_Activity:_ Return the listing verbatim, images left out.

_Recorded data:_
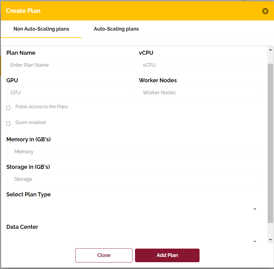 Data Center => Dropdown list of datacenters available in the Ai-MicroCloud where the resources can be allotted by this plan.
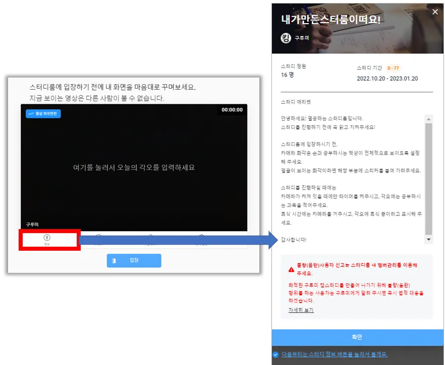 에티켓은 스터디룸 입장 전 코디 화면에서 정보를 클릭하시면 확인이 가능해요.
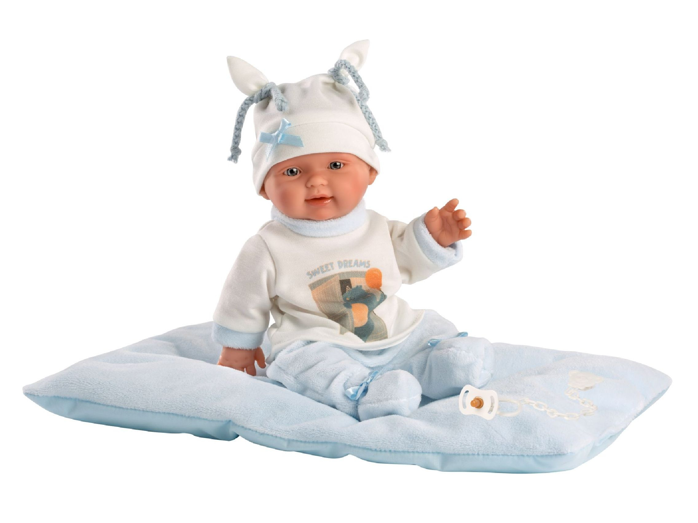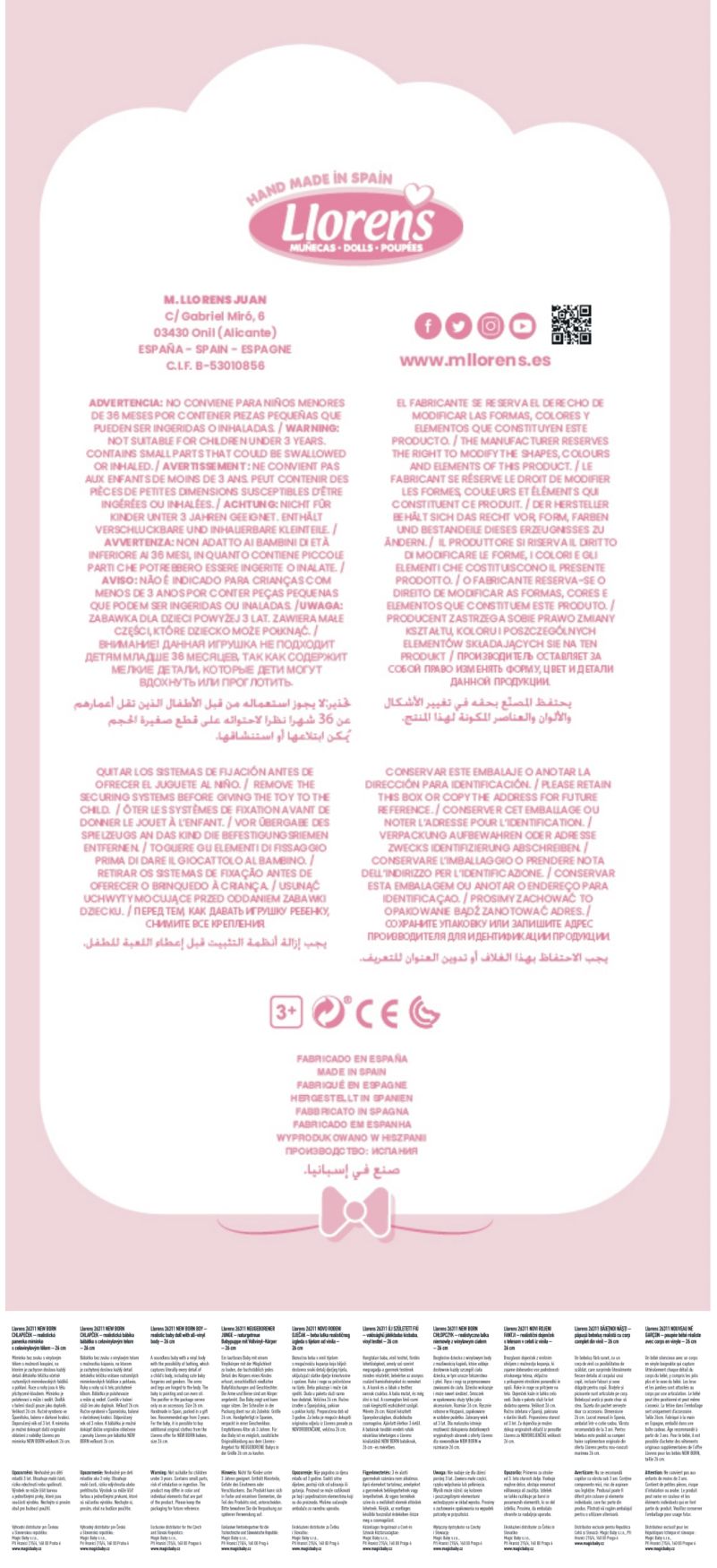 Miminko bez zvuku s vinylovým tělem s možností koupání, na kterém je zachycen doslova každý detail dětského tělíčka včetně roztomilých miminkovských faldíků a pohlaví. Ruce a nohy jsou k tělu přichycené kloubem. Miminko je polohovací a může i sedět. Dudlík v balení slouží pouze jako doplněk. Velikost 26 cm. Ručně vyrobeno ve Španělsku, baleno v dárkové krabici. Doporučený věk od 3 let.

_Exercise output:_
 Data Center => Dropdown list of datacenters available in the Ai-MicroCloud where the resources can be allotted by this plan.
 에티켓은 스터디룸 입장 전 코디 화면에서 정보를 클릭하시면 확인이 가능해요.
 Miminko bez zvuku s vinylovým tělem s možností koupání, na kterém je zachycen doslova každý detail dětského tělíčka včetně roztomilých miminkovských faldíků a pohlaví. Ruce a nohy jsou k tělu přichycené kloubem. Miminko je polohovací a může i sedět. Dudlík v balení slouží pouze jako doplněk. Velikost 26 cm. Ručně vyrobeno ve Španělsku, baleno v dárkové krabici. Doporučený věk od 3 let.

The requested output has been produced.